I’m as patriotic as any Australian.

I love our land of opportunity and its big-hearted people. I love the way we stand shoulder-to-shoulder in a crisis. I love the way we call out injustice and inequality, which is exactly why we need to change the date of our patriotic day.

Like many Australians, I’ve had mixed feelings about January 26 -- the day the First Fleet arrived. I have mixed blood, with a Noongar father and a British mother.  

As a nine-year-old, my beloved dad was stolen and forced into a mission, never to see his parents ever again.
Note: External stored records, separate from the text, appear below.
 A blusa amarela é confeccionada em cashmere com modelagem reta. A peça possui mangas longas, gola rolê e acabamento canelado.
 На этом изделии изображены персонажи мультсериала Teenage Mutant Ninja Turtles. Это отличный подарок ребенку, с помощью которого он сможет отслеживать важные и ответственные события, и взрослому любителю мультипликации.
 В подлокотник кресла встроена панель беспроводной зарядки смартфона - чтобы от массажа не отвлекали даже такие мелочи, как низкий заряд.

Around the same time, my mum migrated from Northern Ireland with her family. 

My four sisters and I were raised with a strong Aboriginal identity, but we also embraced our British heritage. 
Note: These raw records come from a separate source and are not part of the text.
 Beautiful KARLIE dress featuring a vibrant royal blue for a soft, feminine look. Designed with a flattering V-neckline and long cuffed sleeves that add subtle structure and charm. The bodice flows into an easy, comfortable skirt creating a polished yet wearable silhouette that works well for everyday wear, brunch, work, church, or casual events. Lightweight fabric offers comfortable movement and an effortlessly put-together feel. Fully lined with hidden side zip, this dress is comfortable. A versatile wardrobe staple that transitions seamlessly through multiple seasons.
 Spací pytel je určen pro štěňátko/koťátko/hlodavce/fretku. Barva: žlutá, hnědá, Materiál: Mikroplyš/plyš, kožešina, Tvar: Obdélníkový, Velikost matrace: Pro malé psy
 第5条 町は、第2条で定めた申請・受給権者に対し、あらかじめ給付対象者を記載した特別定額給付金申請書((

My mum and dad. (Image: Supplied)

For most of my life, I’d felt it hypocritical to refer to January 26 as Invasion Day because I’d believed January 26 symbolised half of who I am.

I now realise my long-held beliefs were misguided because there’s nothing about the First Fleet that reflects who I am, nor does it reflect Australia’s current identity.

January 26 is not a date worthy of celebration as our patriotic day.

It’s a date that represents the displacement of petty criminals, forced to make the arduous journey across oceans to become slave labour, and the subsequent slaughter of thousands.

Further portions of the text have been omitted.